Mostly reading the very few books that were written about Zenobia at the time, which was a very well researched book by Richard Stoneman, plus various texts he’d referenced, then lots of internet research into emperors around that time, general day to day living facts and discovering little things that would make the settings come alive.
Would you ever be tempted to write a contemporary novel?
If by contemporary you mean set in the present, then no. I can’t imagine ever writing one unless it was a children’s books which took children back in time to a place in history, or a place than was grounded by elements of the past. Even then I think I’d end up setting the present in the past, for example when you think of Narnia, the present was actually the war.
Why, when and how did you come together?
In 2011, three members of a peer critique site met in London to decide if the idea really had legs. Turns out it did. Five of them.
Going the independent route as a team felt more manageable. We established ideals: high quality writing and professional presentation, and all Triskele’s books have a connection to time and place.
Since then, we’ve published 21 books, appeared at literary festivals, taught at writing workshops, built a loyal readership and earned ourselves the tag of ‘The Wu-Tang Clan of Publishing’. (Jeff Norton, Byte the Book, January 2014)
What are the advantages of working as a collective, have you been able to achieve things you would have struggled to as individual authors?
Two huge advantages! Firstly, you are not a lone voice crying in the wilderness. These days, it can be pretty hard to keep thinking of new and original things to say. Being part of a group means you can take turns spreading the word in your own style.
The second advantage is having someone to answer questions and give advice. Among the five of us, someone will have had the same problem and know a solution. And on a larger scale, there’s the Alliance of Independent Authors, an amazing source of information.

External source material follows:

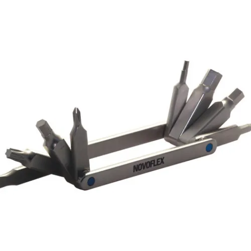 The Novoflex Multi-Tool with 8 Functions is a tiny but mighty tool, perfect for photographers and those working with tripods and other photographic accessories. This mini-tool comes with 5 hex keys (2, 3, 4, 5 and 6mm), a screwdriver, a cross-slot screwdriver and a Torx T25, all in a compact size.

Disadvantages? The classic downside of being a team player – if you mess up, it’s not just yourself you’re letting down. That adds a lot of pressure. But the flipside is the others are there to catch you if you fall.
What mistakes have you made along the way?
Apart from choosing a logo which is a BDSM identifier, losing our website domain and lugging bags of food across London in the summer, it’s all been plain sailing.
Realistically, it’s hard work. Communication and strategy demand time and attention. Disagreements and tension can be destructive, so the ability to compromise and remain flexible is crucial. It’s safe to say any collective will encounter regular storms, but each one we weather makes us stronger.
Do you think it is important for authors to interact with their readers? How do you connect with readers?
Essential. We connect with our readers face-to-face at bookclubs, signings, bookshops and literary events. We talk to readers via Bookmuse, Goodreads, our own Bookclub blog and in person events in our local regions.
What are Triskele’s plans for the future?
Every six months, we stop and evaluate where we’re going. What’s working, what needs to be improved, and how best to move forward. We’re planning The Big Launch Party of November 2015, writing new books and organising festival appearances; exploring formats, such as audiobooks. Translations and adaptations; and finding more ways to connect good books to discerning readers.